Society for Psychotherapy – A Call to Action: Decolonizing Clinical Practice
Decolonizing EMDR: Centering Voice and Ceremony
EMDR (Eye Movement Desensitization and Reprocessing) is a powerful trauma modality, but it’s rooted in Western understandings of psychology. To be truly effective for Indigenous and historically marginalized clients, it must be decolonized.
According to the Touchstone Institute, this means:
- Centering client voice and autonomy
- Validating systemic trauma, not just individual pain
- Embedding EMDR within cultural rituals, such as smudging, drumming, or tobacco offering
- Recognizing that safety is not universal, and trauma may come from the systems clients must still live within
At NATIVation, we practice EMDR as ceremony. Clients aren’t just reducing symptoms, they’re reclaiming names, stories, and belonging.

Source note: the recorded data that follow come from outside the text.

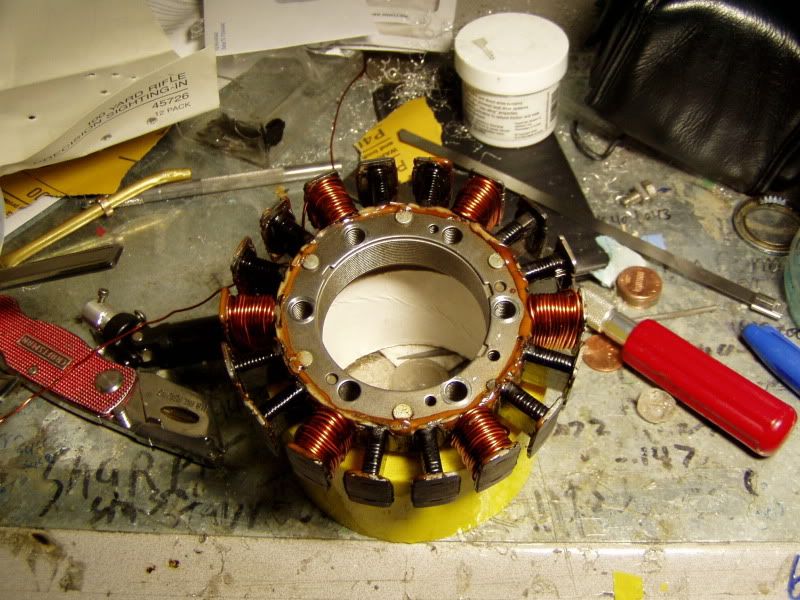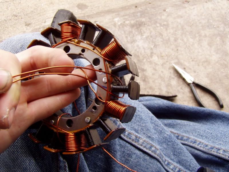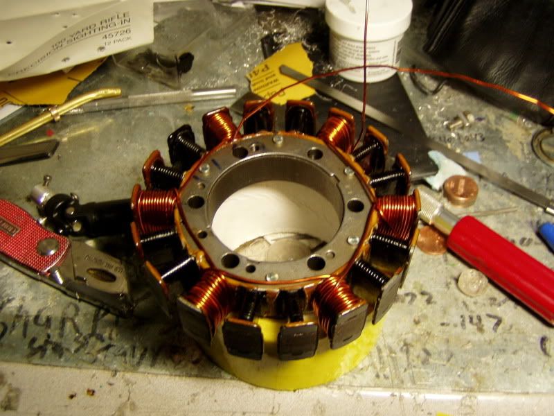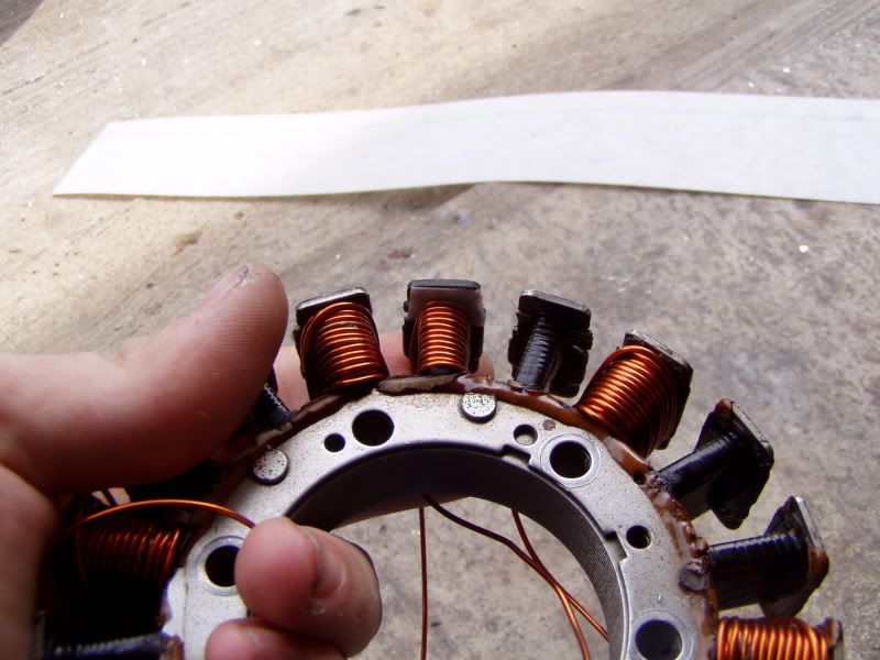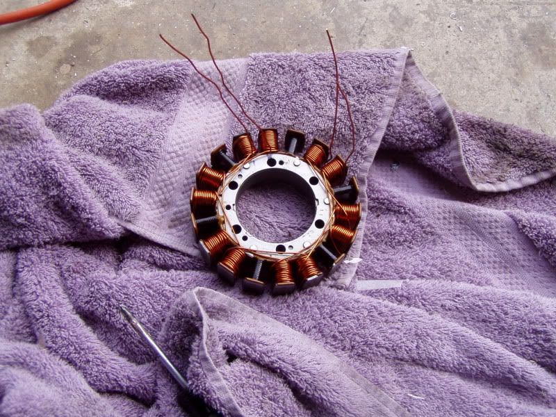 I'll post pics of the completed stator tomorrow aswell as how to terminate the winds and placement. the stator is in the bike right now, i had it out on the road yesterday and all appears to be working as it should.
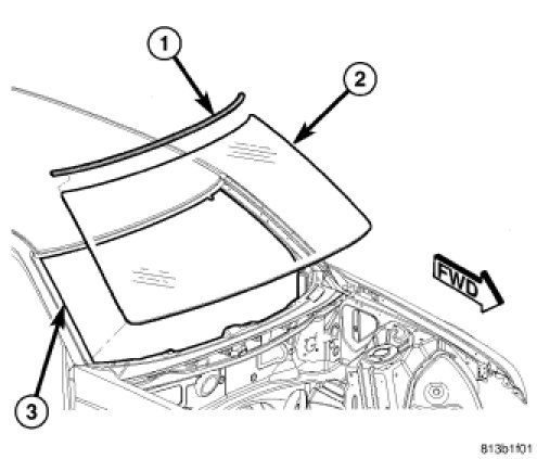 CAUTION: To help prevent water leaks, partially roll down the left and right door glass before installing the windshield. This avoids pressurizing the passenger compartment if a door is slammed before the urethane is cured.
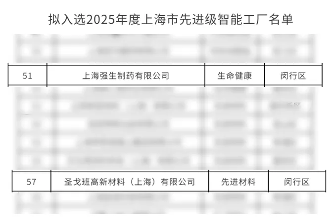 上海市经济和信息化委员会已公布2025年度上海市先进级智能工厂两批公示名单,其中,闵行开发区企业上海强生制药有限公司、圣戈班高新材料(上海)有限公司,闵行开发区临港园区企业上海天岳半导体材料有限公司成功入选,标志着企业在自动化、信息化和智能化转型方面取得重要的阶段性成果。
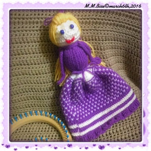 Available as downloadable PDF This cuddly pattern by Malissa Bise is worked in the round as one solid piece. It requires both the 1/4" 80 peg Baby Hat, Fine Gauge Loom and 1/4" 30 peg Infant-Toddler Sock, Fine Gauge Loom. The skirt is not closed at the bottom, So it also makes a super cute toilet paper roll cozy?.
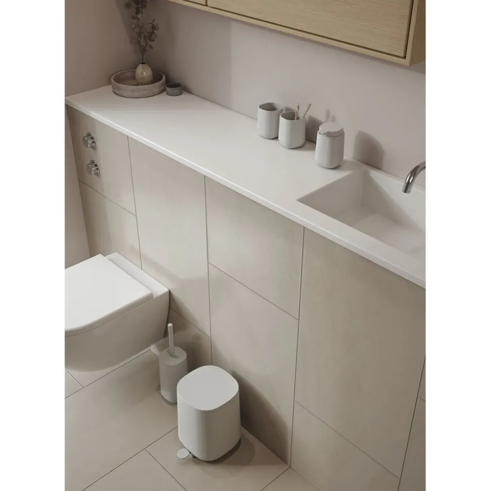 TIME badserien får dig til at kigge en ekstra gang. Tre af seriens fire produkter – nemlig sæbedispenser, tandbørstekrus og toiletbørste – er udført i beton og blot suppleret med få plast-detaljer. Pedalspanden er derimod ren ABS-plast, men matcher beton-produkterne farvemæssigt, så serien fremstår som én stærk helhed. Beton er kendt for sin kompromisløse karisma og naturlighed og har de senere år vundet indpas i boligindretningen. Det er på én gang hårdt, blødt og meget smukt. Endelig er det et lidt mere energibesparende materiale end fx keramik, da det ikke skal brændes ved høj temperatur.

The Research Behind Decolonized Therapy
This movement is not only culturally valid—it is evidence-supported. Research from multiple institutions affirms the need for more inclusive, Indigenous-centered mental health practices:
- Hosny (Harvard, 2024): Offers a Global South framework for decolonizing clinical psychology, with eight actionable steps.
- Lewis et al. (2018): Found that the EMPOWER training model increases clinician cultural humility and improves outcomes for Indigenous clients.
How NATIVation Counseling Embodies Decolonized Therapy
Our work at NATIVation is grounded in Indigenous values, not just incorporated into them. Here’s how that shows up in practice:
- Culturally Grounded Frameworks: We use models like the Seven Grandfather Teachings and Medicine Wheel to guide healing.
- Adapted Modalities: Western tools like EMDR, CBT, and hypnotherapy are reinterpreted through a decolonized lens.
- Community & Ceremony: We collaborate with elders and co-create rituals, especially where traditions were disrupted by colonialism.
- Identity Empowerment: We help clients shed colonial labels and reconnect to voice, purpose, and ancestral truth.
- Holistic Healing: We invite the body, mind, spirit, and land into the therapeutic space—not as extras, but as essentials.
A Message for Therapists: Where to Begin
Decolonizing your own practice is not a checkbox—it’s a transformation. If you’re a therapist looking to do this work, here are some starting points:
- Reflect on your own education and biases
- Learn directly from Indigenous knowledge holders
- Incorporate land, story, and ceremony into your practice
- Let your clients lead—their wisdom matters
- Understand that this is not about inclusion—it’s about undoing erasure
Ji Youn Kim – 8 Ways I Try to Decolonize Therapy
Therapy as Reclamation
Decolonizing therapy is about more than method—it’s about memory, truth, and liberation.
It’s about restoring what colonization tried to take: identity, connection, land, and spirit. At NATIVation Counseling, we are not just doing therapy. We are remembering, reclaiming, and reimagining healing.